• 111 and urgent care providers were not told announcement on deadly bacteria was coming
  • Group A Strep responsible for three deaths in England in past 10 days
  • But announcement saw services swamped with “worried well”, putting other ill patients at greater risk

‘Rubbish’ communications on Group A Strep from government agencies made accident and emergencies more ‘risky’ over the weekend, after services were flooded with the ‘worried well’, several senior provider sources have told HSJ.

On Friday the UK Health Security Agency, successor to Public Health England, issued a warning on a higher than usual number of cases after the deaths of five children under 10 in a week.

Several senior sources in hospital, 111/ambulance, urgent care and primary care providers, told HSJ they were not warned UKHSA were making an announcement that would also see services flooded by the worried well.

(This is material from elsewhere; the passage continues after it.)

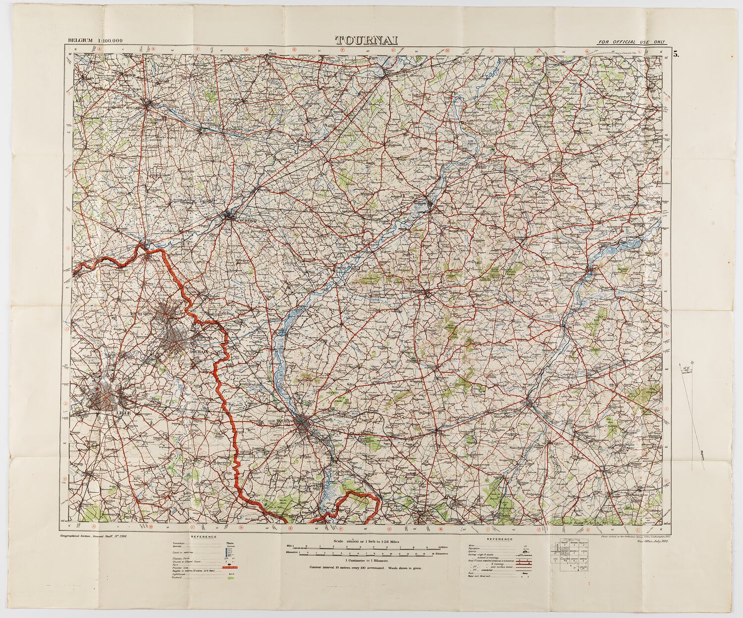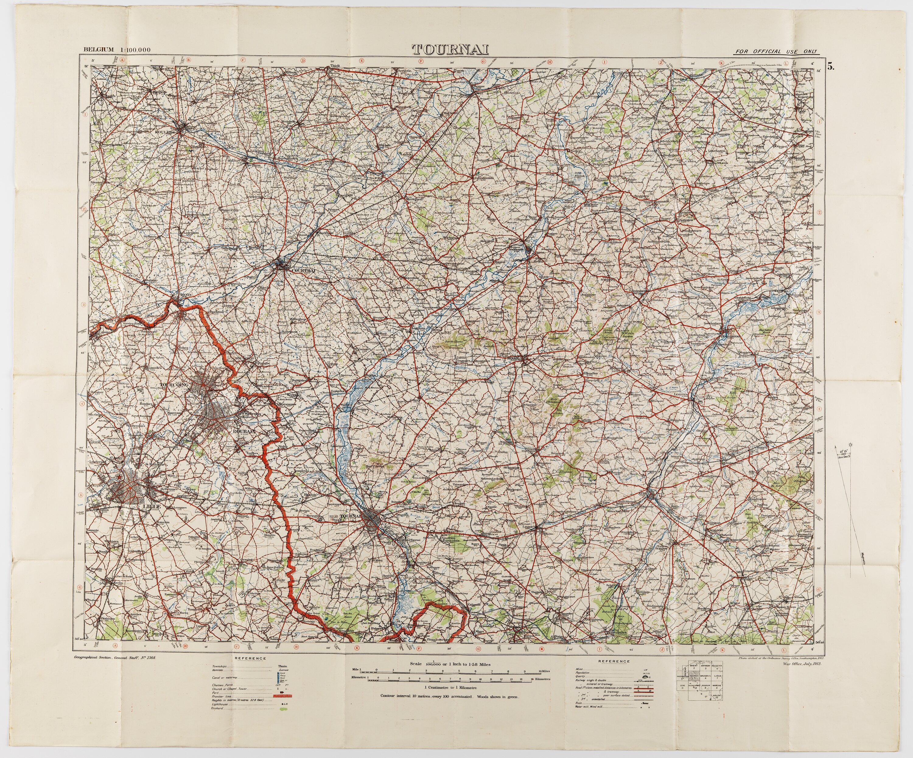 Printed on upper front: 'BELGIUM 1:100,000 / TOURNAI / FOR OFFICIAL USE ONLY '. Lower front: 'Geographical Section, General Staff, No. 2364 / Photo etched at the Ordnance Survey Office, Southampton, 1912 / War Office, July, 1912.' On back (serving as cover when folded): 'TOURNAI 5 / BELGIUM / Scale 1/100,000'.

NHS England’s clinical lead for integrated urgent care today issued a letter, seen by HSJ, saying a “considerable increase” in 111 demand over the weekend was “in part due to Group A Strep concerns”. Sources in the sector said the increase in demand was “heavily” Strep-related.

The NHSE letter sent at lunchtime on Monday said it, with others, was working with nhs.uk and 111 online to create a Group A Strep webpage to direct patients to. But NHSE did not indicate when this would be ready, and said the Department of Health and Social Care claimed UKHSA was responsible for communications on the issue.

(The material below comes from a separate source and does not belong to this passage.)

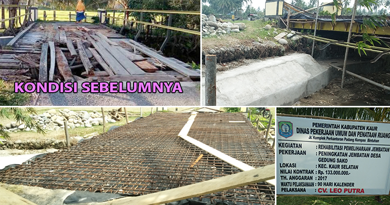 PORTAL KAUR – Harapan masarakat kabupaten Kaur, khususnya warga Desa Gedung sako dan Desa Jembatan Dua Kecamatan Kaur selatan soal direhabilitasinya jembatan telah terpenuhi. Pemerintah Daerah setempat melalui kontraktor pihak ketiga yakni CV Leo Putra mulai melksanakan rehabilitasi jembatan tersebut.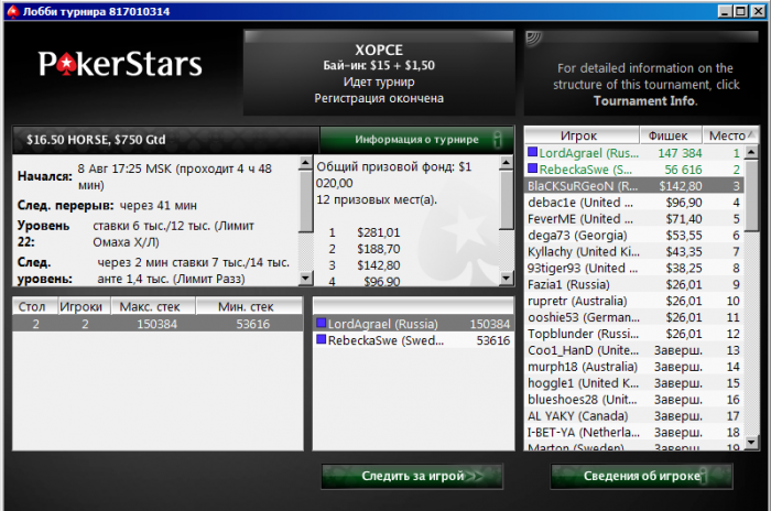 А так день вышел интересным: выйграл фрирол( путевку)..;9 место в турнире по холдему и топ-3 в лошадке.

One senior accident and emergency leader told HSJ that when parents could not get through on 111 they brought their children to emergency departments. “The media messaging has been handled terribly”, they added.

They added: “Huge numbers of ‘worried well’ makes the accident and emergency a much more dangerous place. We are just not equipped to deal with the volume of patients. [There is a] much greater chance we would miss one seriously unwell child when we are wading through a six-hour queue of viral, but otherwise well, kids.”

One senior leader in the sector said communications in such circumstances were “not easy”, but ideally UKHSA/NHSE would have alerted them they were planning an announcement which would create large demand from people likely to be well. Providers would then have a better chance of organising additional staffing and services, the person said.

A hospital CEO said it had been a “very, very difficult weekend”. Another said: “Children’s ED was very busy. Demand from parents with children with sore throats and temperatures [was] very high.”

One primary care source said on his patch: “The lines did not stop ringing. Our evening and weekend appointments went far faster than normal. There were very unhappy patients who couldn’t get in. Was rubbish comms from PHE [now part of the Department of Health and Social Care and the UKHSA]/NHS England.”

Another said: “We’ve got a huge queue in our urgent treatment centres.”

The letter added that to “protect clinical queue and maintain safety” some calls with care homes normally handled by a clinician could be taken by non-clinical staff. HSJ understands these calls comprise only a small proportion of the total.

UKHSA told HSJ there had been an urgent need to get information to clinicians, and that parental anxiety had already been growing due to media reports on the children’s deaths.

A spokeswoman confirmed that the situation had been classified as an “enhanced incident” under its business continuity rules, similar to when poliovirus was found in London sewage and the Monkeypox outbreak.